Collected data

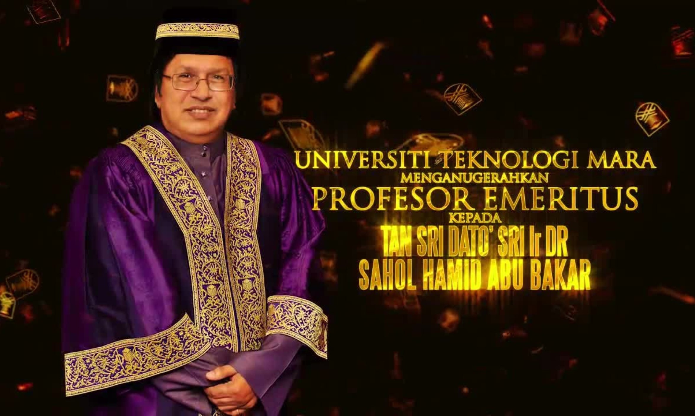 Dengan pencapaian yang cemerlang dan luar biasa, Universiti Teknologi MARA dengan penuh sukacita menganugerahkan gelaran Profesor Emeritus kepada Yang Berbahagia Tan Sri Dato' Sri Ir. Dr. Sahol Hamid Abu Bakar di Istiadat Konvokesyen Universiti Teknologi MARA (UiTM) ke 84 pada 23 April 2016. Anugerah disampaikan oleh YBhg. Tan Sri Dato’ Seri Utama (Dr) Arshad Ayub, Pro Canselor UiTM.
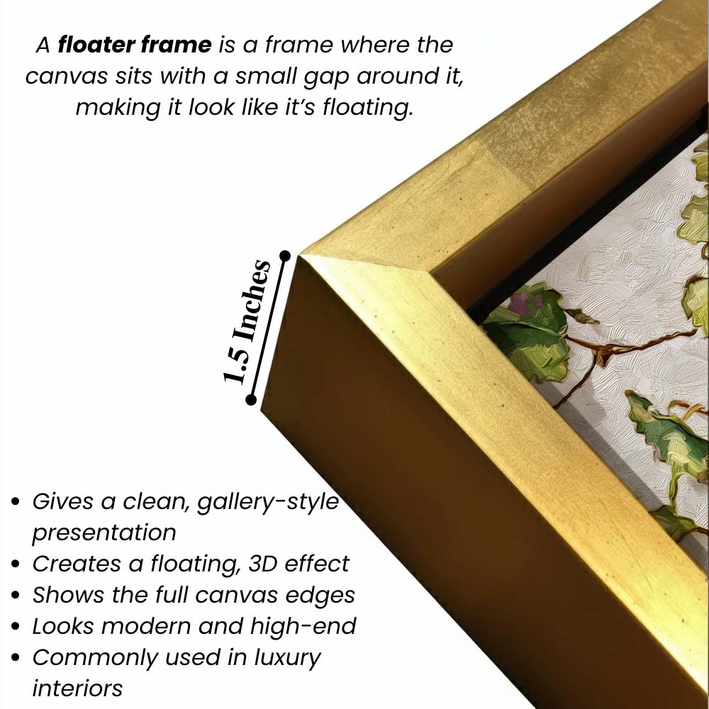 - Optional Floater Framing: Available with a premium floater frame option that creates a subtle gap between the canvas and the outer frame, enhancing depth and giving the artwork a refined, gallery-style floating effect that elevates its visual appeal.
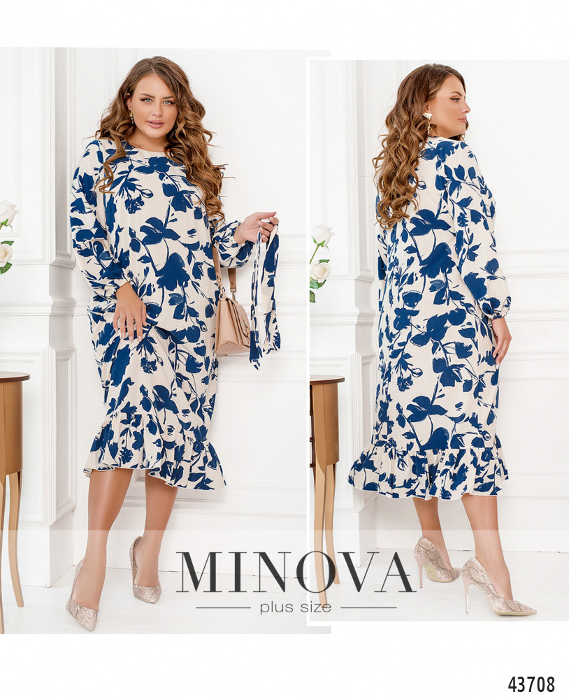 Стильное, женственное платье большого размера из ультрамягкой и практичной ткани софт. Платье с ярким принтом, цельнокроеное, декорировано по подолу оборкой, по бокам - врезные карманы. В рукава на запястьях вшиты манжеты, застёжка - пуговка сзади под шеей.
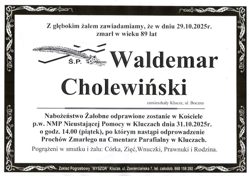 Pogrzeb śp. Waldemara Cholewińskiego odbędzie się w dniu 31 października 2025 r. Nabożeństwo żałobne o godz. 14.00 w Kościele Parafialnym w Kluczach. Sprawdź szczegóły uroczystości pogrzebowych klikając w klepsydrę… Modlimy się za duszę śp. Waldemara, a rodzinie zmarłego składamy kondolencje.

Instructions to follow
Every line above is to be repeated exactly, but no picture is to appear in the copy.

Written answer
 Dengan pencapaian yang cemerlang dan luar biasa, Universiti Teknologi MARA dengan penuh sukacita menganugerahkan gelaran Profesor Emeritus kepada Yang Berbahagia Tan Sri Dato' Sri Ir. Dr. Sahol Hamid Abu Bakar di Istiadat Konvokesyen Universiti Teknologi MARA (UiTM) ke 84 pada 23 April 2016. Anugerah disampaikan oleh YBhg. Tan Sri Dato’ Seri Utama (Dr) Arshad Ayub, Pro Canselor UiTM.
 - Optional Floater Framing: Available with a premium floater frame option that creates a subtle gap between the canvas and the outer frame, enhancing depth and giving the artwork a refined, gallery-style floating effect that elevates its visual appeal.
 Стильное, женственное платье большого размера из ультрамягкой и практичной ткани софт. Платье с ярким принтом, цельнокроеное, декорировано по подолу оборкой, по бокам - врезные карманы. В рукава на запястьях вшиты манжеты, застёжка - пуговка сзади под шеей.
 Pogrzeb śp. Waldemara Cholewińskiego odbędzie się w dniu 31 października 2025 r. Nabożeństwo żałobne o godz. 14.00 w Kościele Parafialnym w Kluczach. Sprawdź szczegóły uroczystości pogrzebowych klikając w klepsydrę… Modlimy się za duszę śp. Waldemara, a rodzinie zmarłego składamy kondolencje.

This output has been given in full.